= Dynamic Noise Limiter =

Sound processing technology

The Dynamic Noise Limiter, or DNL for short, is a noise reduction system introduced by Philips in the late 1960s to improve the quality of audio recordings on cassette tape. It is used on playback only, and does not require encoding the original audio signal. It was not widely used, as Dolby noise reduction became very popular. Third-party implementations called it Dynamic Noise Reduction, or DNR. As Dolby may be initialized DNR, there is some confusion between the two.

The small physical size of cassette tapes, compared to reel-to-reel tapes, means they must use a slow tape speed to allow practical recording times. Their smaller width also limits the dynamic range of the signal that can be recorded to it. This results in much higher amounts of audible tape hiss compared to reel-to-reel systems. Tape hiss occurs on all magnetic tape systems, as an ever-present low-volume, high-frequency signal. On reel-to-reel systems the higher dynamic range and faster tape speeds allowed the signal to be recorded at volume levels that overwhelm the hiss. On cassettes, there is simply not enough dynamic range to do this, especially in quiet passages, and the hiss becomes very audible.

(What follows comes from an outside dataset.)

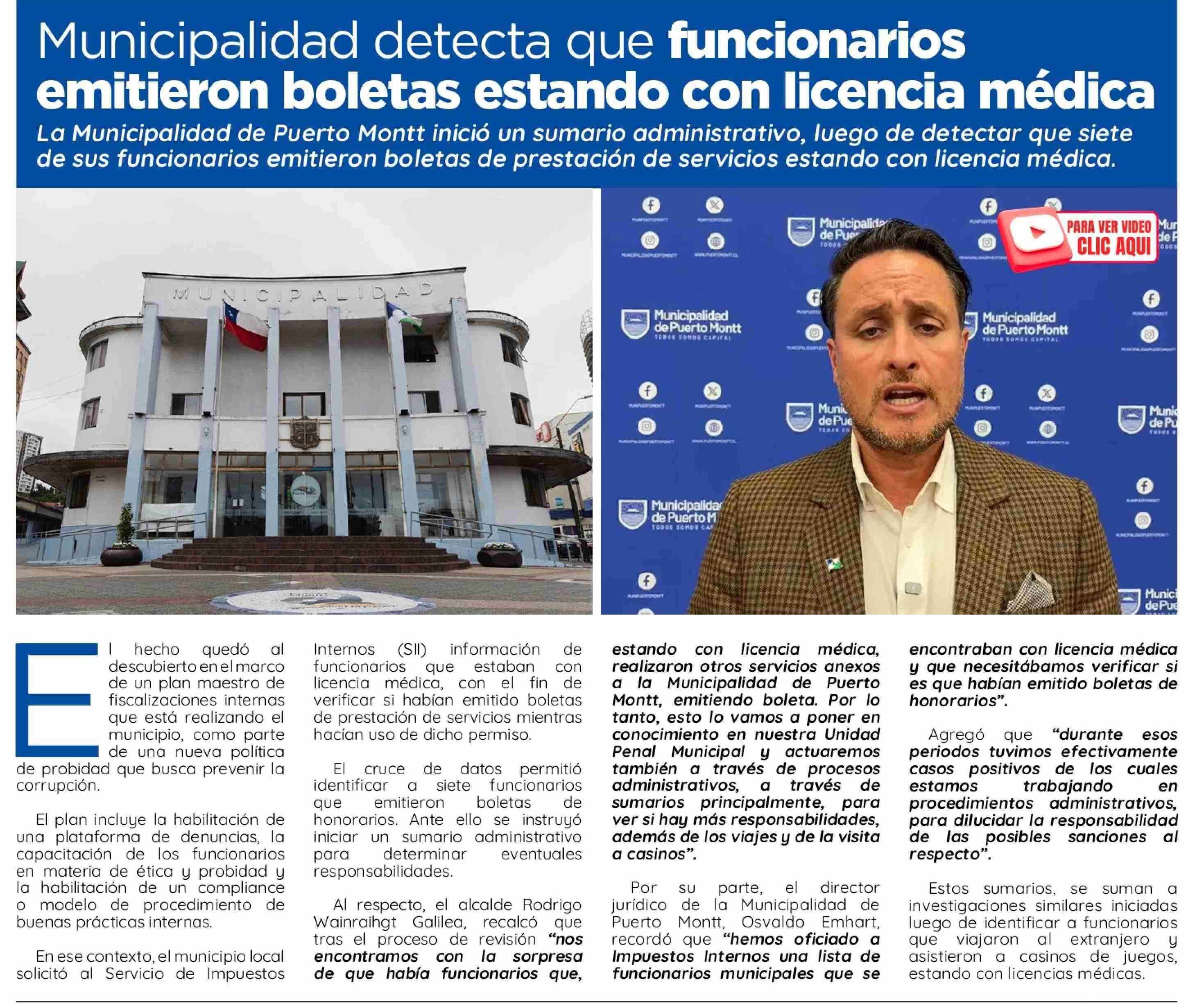Título: Municipalidad detecta que funcionarios emitieron boletas estando con licencia médica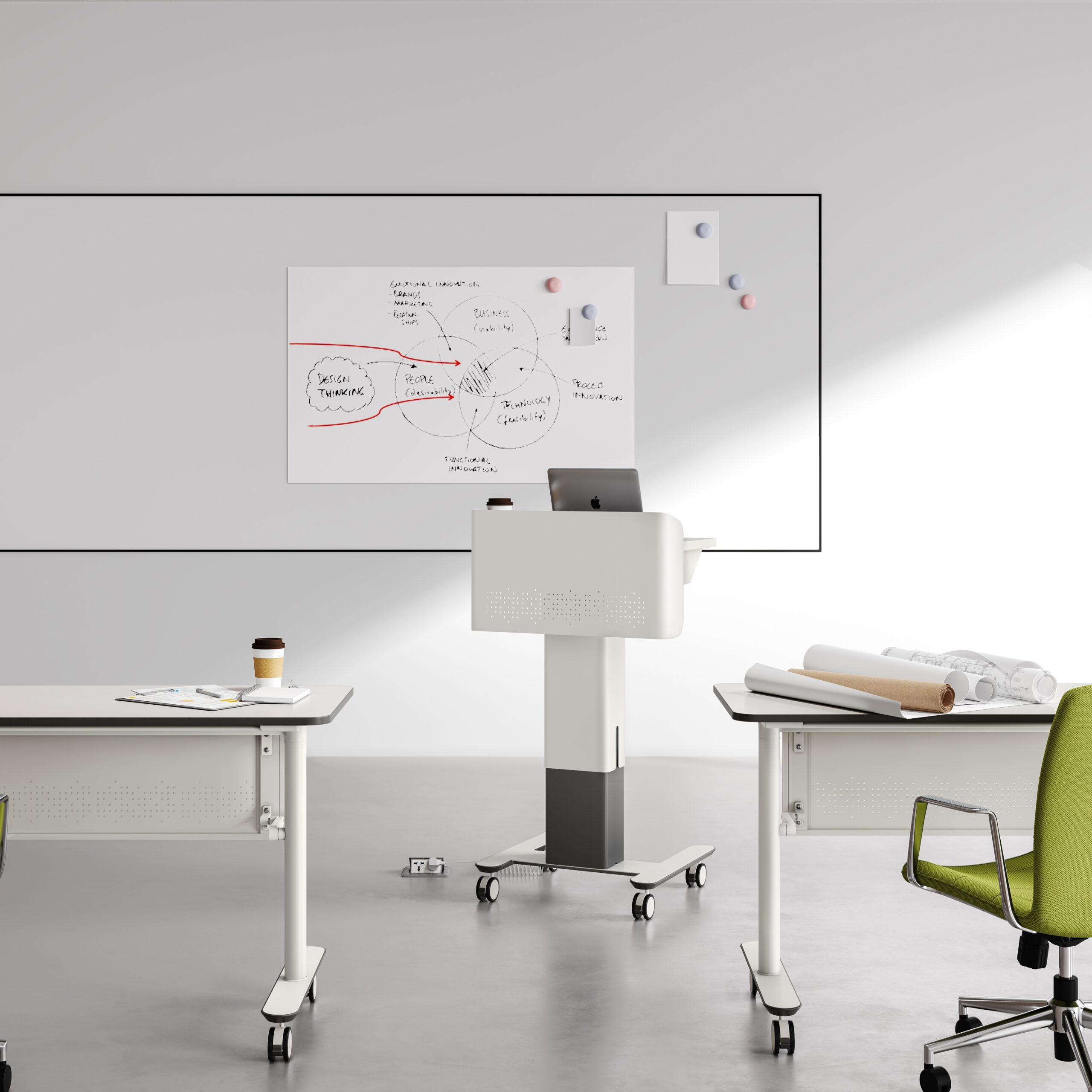 El podio incluye funciones integradas para carga y almacenamiento, ofreciendo una solución práctica que eleva tu rendimiento en cualquier entorno profesional.

DNL addresses this issue by noting that the hiss is only audible when the signal is low. At higher volumes, the low-volume hiss is simply not as obvious. Philips took advantage of this by having a circuit that would mute high-frequency signals only when the overall volume was low. Although this also muted any high-frequency components of the audio, the hiss would be masking these anyway. If the high-frequency components were high volume, they would overwhelm the hiss and the circuit would not mute it.

Philips released the circuit design royalty-free, which led to sample implementations being published in Wireless World in 1971 and Elektor in 1976 and 1984. DNL can be found e.g. in the 8000 cassette recorder series from BASF, which were sold in the 1970s. National Semiconductor further developed the process and offered it in the form of the IC LM1894.